Top of Records provided

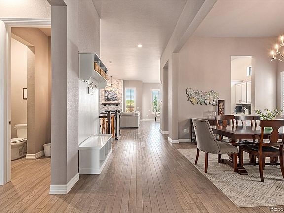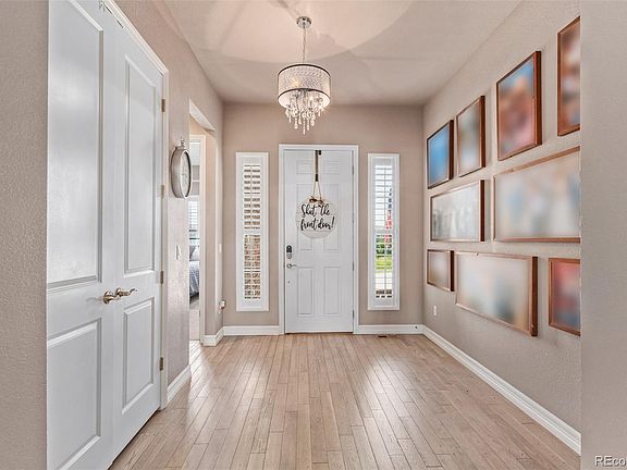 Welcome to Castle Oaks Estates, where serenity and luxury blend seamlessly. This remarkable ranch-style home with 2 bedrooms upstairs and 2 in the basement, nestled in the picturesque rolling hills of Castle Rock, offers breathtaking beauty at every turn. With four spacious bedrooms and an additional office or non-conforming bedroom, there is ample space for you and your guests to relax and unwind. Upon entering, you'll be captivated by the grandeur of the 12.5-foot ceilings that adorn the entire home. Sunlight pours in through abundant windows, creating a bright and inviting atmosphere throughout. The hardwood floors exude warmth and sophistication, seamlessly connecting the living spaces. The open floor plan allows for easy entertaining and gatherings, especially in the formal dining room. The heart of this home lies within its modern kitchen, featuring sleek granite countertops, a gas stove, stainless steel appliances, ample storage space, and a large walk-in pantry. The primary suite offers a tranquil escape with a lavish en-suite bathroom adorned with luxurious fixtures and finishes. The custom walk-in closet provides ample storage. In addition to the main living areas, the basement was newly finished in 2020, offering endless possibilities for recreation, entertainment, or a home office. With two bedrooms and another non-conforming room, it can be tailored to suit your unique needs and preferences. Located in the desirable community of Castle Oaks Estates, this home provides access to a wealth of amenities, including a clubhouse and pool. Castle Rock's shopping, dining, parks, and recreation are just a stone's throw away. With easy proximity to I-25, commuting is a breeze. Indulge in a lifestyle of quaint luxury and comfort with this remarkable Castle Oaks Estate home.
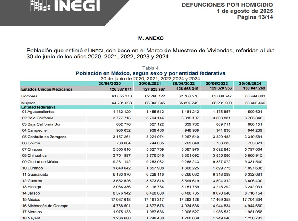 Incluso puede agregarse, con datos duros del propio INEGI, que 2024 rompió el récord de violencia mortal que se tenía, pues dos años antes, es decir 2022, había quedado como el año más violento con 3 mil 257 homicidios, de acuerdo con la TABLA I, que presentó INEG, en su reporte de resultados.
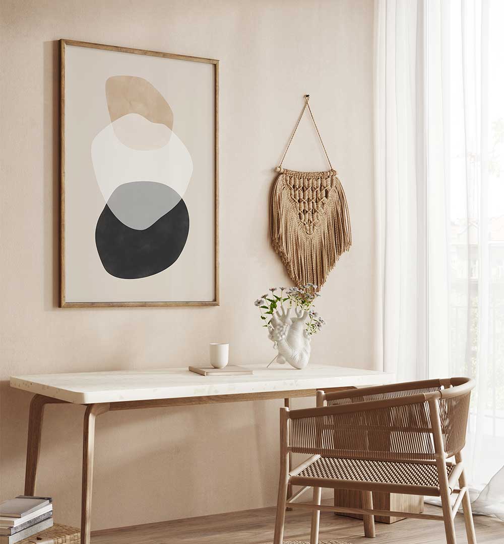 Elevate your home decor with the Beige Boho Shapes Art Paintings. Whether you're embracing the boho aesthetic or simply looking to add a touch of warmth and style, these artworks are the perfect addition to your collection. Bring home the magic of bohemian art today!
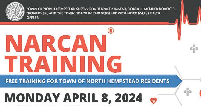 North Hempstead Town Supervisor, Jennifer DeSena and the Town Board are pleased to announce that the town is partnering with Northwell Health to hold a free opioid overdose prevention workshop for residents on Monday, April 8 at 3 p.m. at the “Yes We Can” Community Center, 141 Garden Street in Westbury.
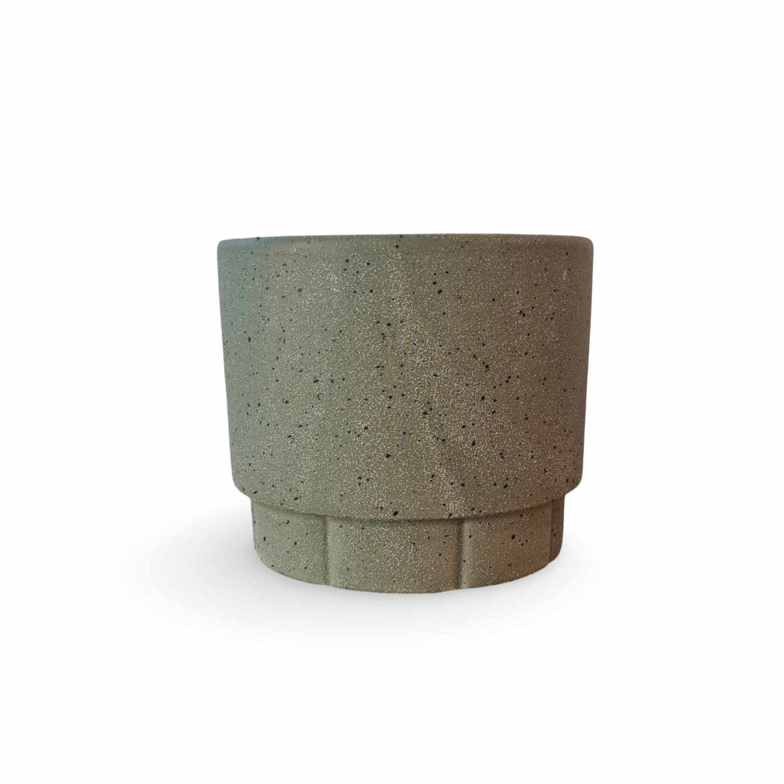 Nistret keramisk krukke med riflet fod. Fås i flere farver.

Bottom of Records provided

→ **What the task requires**
Exact text is required for the lines from the one with "North Hempstead Town" through the last line of the entries, both included. Omit pictures.

→ **Expected answer**
 North Hempstead Town Supervisor, Jennifer DeSena and the Town Board are pleased to announce that the town is partnering with Northwell Health to hold a free opioid overdose prevention workshop for residents on Monday, April 8 at 3 p.m. at the “Yes We Can” Community Center, 141 Garden Street in Westbury.
 Nistret keramisk krukke med riflet fod. Fås i flere farver.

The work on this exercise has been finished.